Distribution Company
Columbia Pictures
Country
Great Britain and United States
Location
Berkshire, England, Great Britain

Technical Specs

Duration
1h 27m
Sound
Mono
Color
Color (Eastmancolor)

Articles

See No Evil (1971)


In the post-Rosemary's Baby (1968) phase of her career, Mia Farrow played a variety of unpredictable, quirky characters in ambitious and largely unsuccessful films up until the time she began her collaboration with Woody Allen in 1982 with A Midsummer Night's Sex Comedy. Some of these were contemporary romantic comedies that failed to click with the public such as John and Mary (1969) and The Public Eye (1972, aka Follow Me!) and big budget, critically maligned features like The Great Gatsby (1974) and Hurricane (1979). But the actress's more peculiar roles were the spooky, dark-haired waif of Joseph Losey's Secret Ceremony (1968), the buck-toothed, leg-brace wearing wife of Jean-Paul Belmondo in Claude Chabrol's Doctor Popaul (1972, aka High Heels), a mother haunted by a dead child in Full Circle (1977, aka The Haunting of Julia), and the possibly deranged in-law in Robert Altman's A Wedding (1978). Yet her bravest - some might say foolhardy - and most physically taxing role would have to be Sarah, the blind girl terrorized by a maniac in See No Evil (1971, aka Blind Terror).

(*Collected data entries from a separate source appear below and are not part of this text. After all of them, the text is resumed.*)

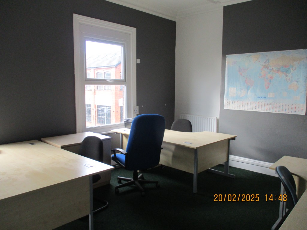 Available to let 2 floors of office space with own secure entrance. First floor reception area, large open plan offices, large board room. Stairs leading to top floor with more office space. Kitchen with sink. Bathroom with toilet and sink. Good location for Walkden Town Centre. Complete with office furniture, desks, cabinets etc. Not to be missed
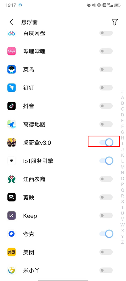 2、接着会自动跳转到你手机上的悬浮窗设置,找到虎哥盒v3.0,点击右边按钮开启悬浮窗。
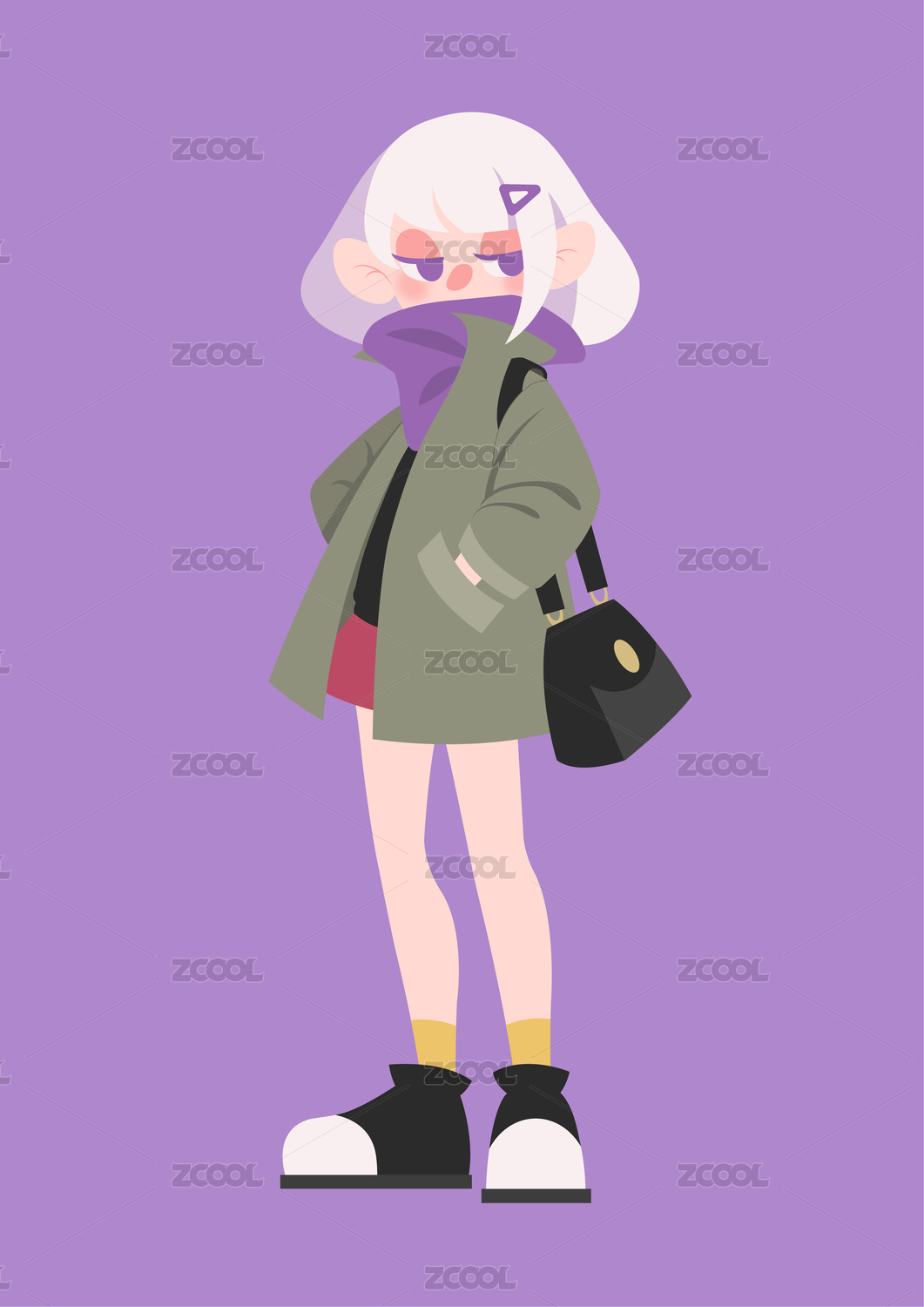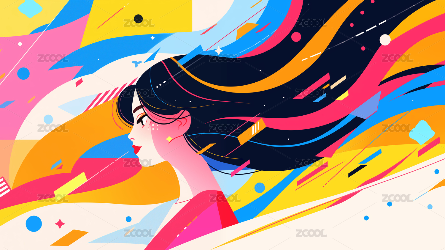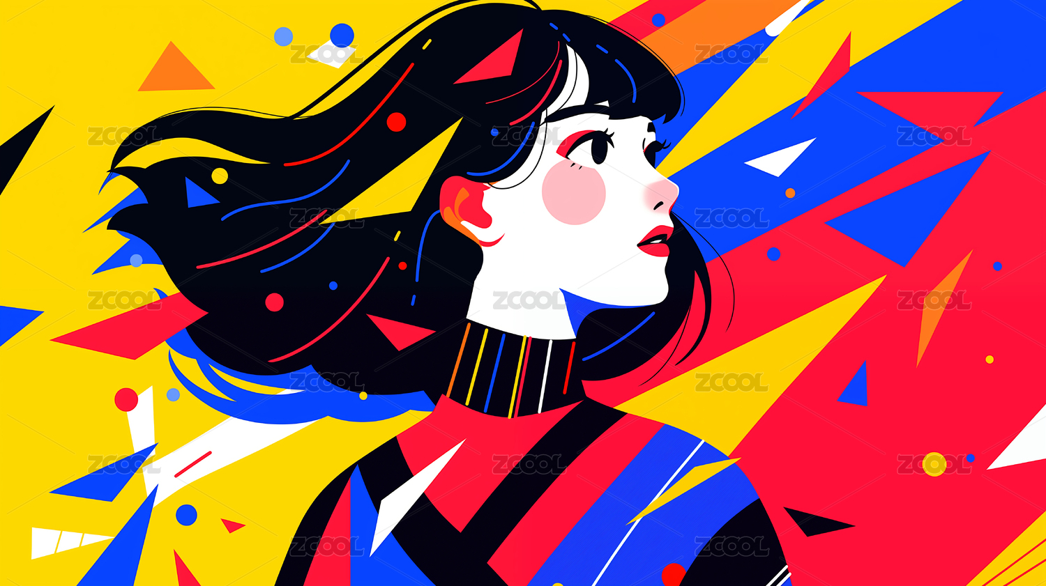 潮流扁平化女孩插画

Shot in Berkshire, England, this lushly photographed thriller from director Richard Fleischer, was largely a British affair in terms of cast and crew with Ms. Farrow the sole American actor in the mix (though she plays an upper class Brit). Sarah has been recently blinded by a fall from a horse and is recuperating at the sprawling country estate of her aunt, uncle and cousin. While she is out one afternoon with her ex-boyfriend Steve, an uninvited guest makes a house call, leaving behind a house full of corpses. When Sarah returns later, she is puzzled by the unexplained absence of her relatives until she discovers the bloody body of her uncle in the tub the next day while drawing a bath. Fleeing the house in terror with a crucial piece of evidence that the killer left behind - an engraved bracelet - Sarah barely escapes being caught by the maniac but her trials are just beginning.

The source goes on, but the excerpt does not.